若是胆子小一些的,只怕当场都会被吓晕过去。
然而卫虞兰没有。
她早就料到钱氏会这么质问自己了。
目睽睽之下,她一双眼睛直直的看着钱氏,然后慢慢的一点点变得通红。
两行泪水猝不及防的滚落脸颊。
“母亲……”
卫虞兰一开口,声音却是沙哑的:“母亲,刚刚在三郎排位前,我想到的,一直是三郎生前活着的你音容样貌。
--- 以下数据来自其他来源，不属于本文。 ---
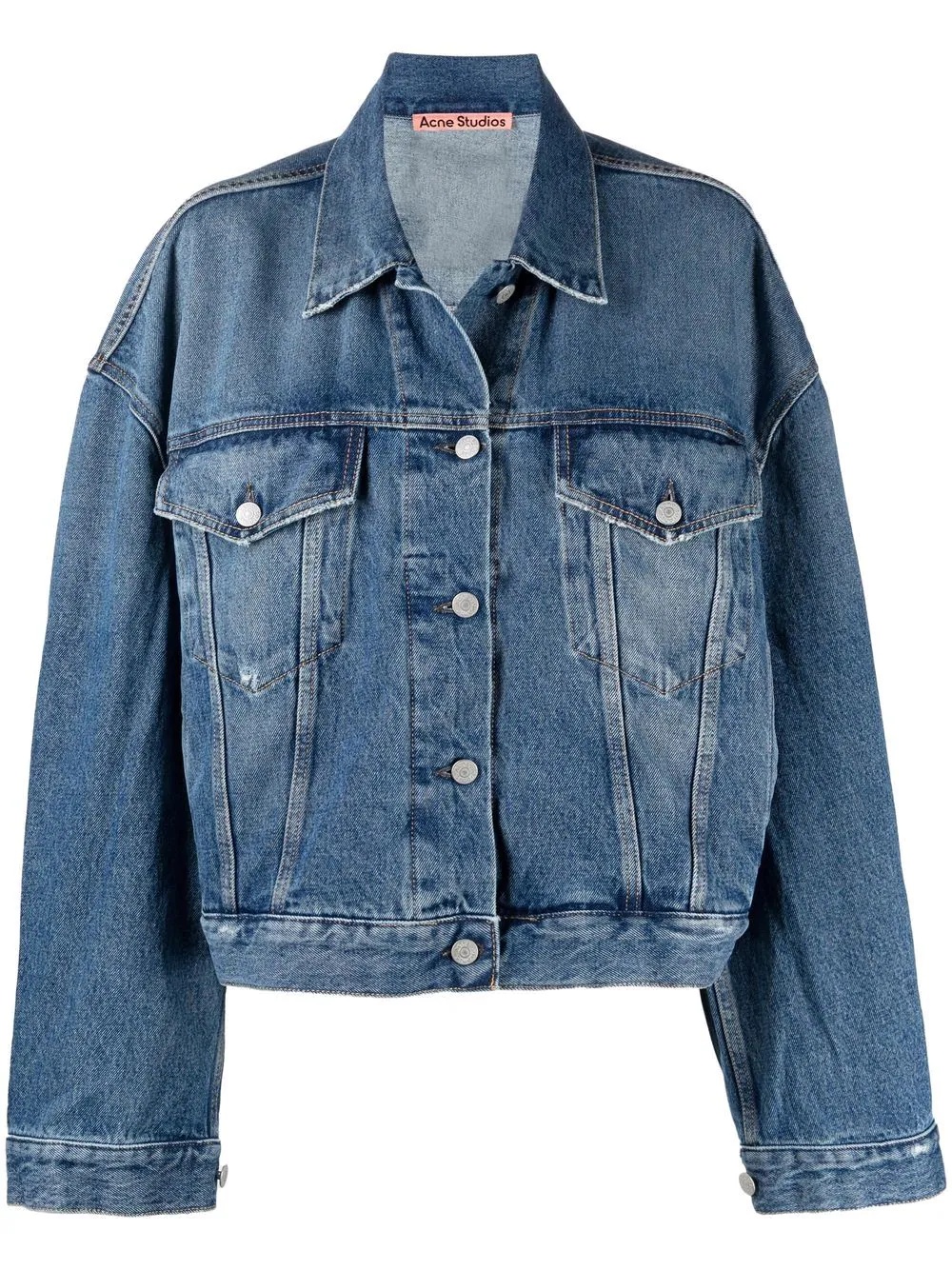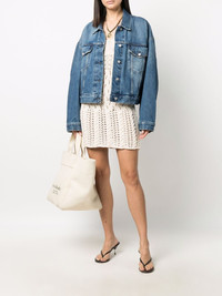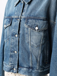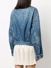cropped denim jacket Highlights - Blue - Organic cotton - Dark wash - Two front flap pockets - Front button fastening - Classic collar - Long sleeves - Buttoned cuffs - Straight hem Made in Italy Composition Cotton 100% SIZE & FIT Model measurements Height 5 ft 11 in(1.8 m) Bust/Chest 33.07 in(84 cm) Hips 37.4 in(95 cm) Waist 25.19 in(64 cm) Measurement BUST 55.9 in(142 cm) LENGTH 23.62 in(60 cm) Shoulder Width 25.98 in(66 cm) SLEEVE LENGTH 35.43 in(90 cm) FittingInformation This piece fits true to size. We recommend you get your regular size Cut for an oversized fit Made with a mid-weight non-stretch fabric Washing instructions Machine Wash
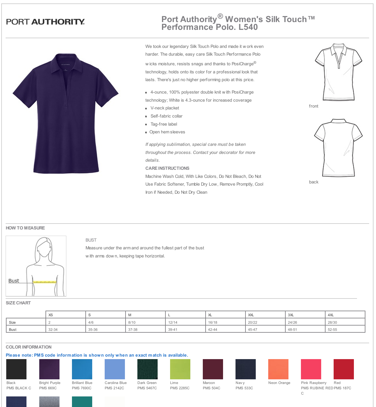 Pre-Order your Sacred Heart embroidered uniform shirts here. Logo will be embroidered in white on the left chest. Available in both adult & youth sizes. Polos are Port & Company short sleeve, dri-fit material, and LADIES fit. Product details are listed below.
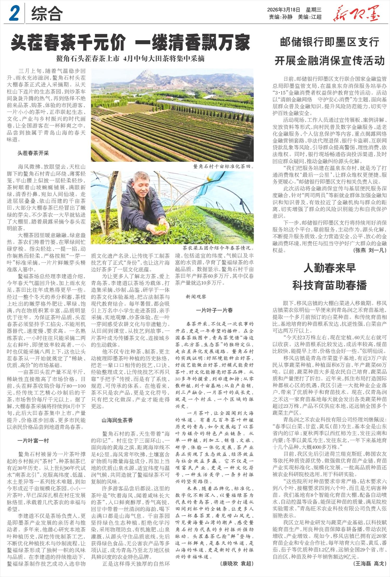 头茬春茶千元价 一缕清香飘万家 鳌角石头茬春茶上市 4月中旬大田茶将集中采摘   三月上旬,随着气温稳步回升、雨水充沛滋润,鳌角石村头茬大棚春茶正式进入采摘期。从天柱山下连片的生态茶园,到炒茶车间袅袅升腾的热气,再到络绎不绝前来品茶、购茶、体验的市民游客,一片小小的茶叶,正串联起生态、文化、产业与乡村振兴的时代画卷,让全国游客在一杯鲜爽之中,品尝到独属于青岛山海的春天味道。

”
“就在昨天夜里,我还梦见他一脸欣喜得告诉我,他已得了再世为人的资格,阎王大人答应他,是必定会让他投身富贵人家,享受一世荣华富贵。”
“今日在这牌位前,回想起昨夜那个梦,哪里哭的出来呢?我这是在为他高兴呀。”
“若不是母亲您提醒,我也不会想起来三郎已经去了这件事情。”
“竟然……是这样吗?”
钱氏万万没有想到,卫虞兰居然连这都能够找到理由来解释。
而且合情合理,天衣无缝,根本就无法让人分辨。
而且她也不想分辨什么。
钱氏只是一脸欣慰加兴奋的问道:“你说的可是真的,昨天晚上你当真做了这样的梦?”
“当然,我怎么敢欺骗母亲?”
卫虞兰淡淡道。
“不是就好。”钱氏闻言点点头。
一场巨大的风波,就这么消失于无形。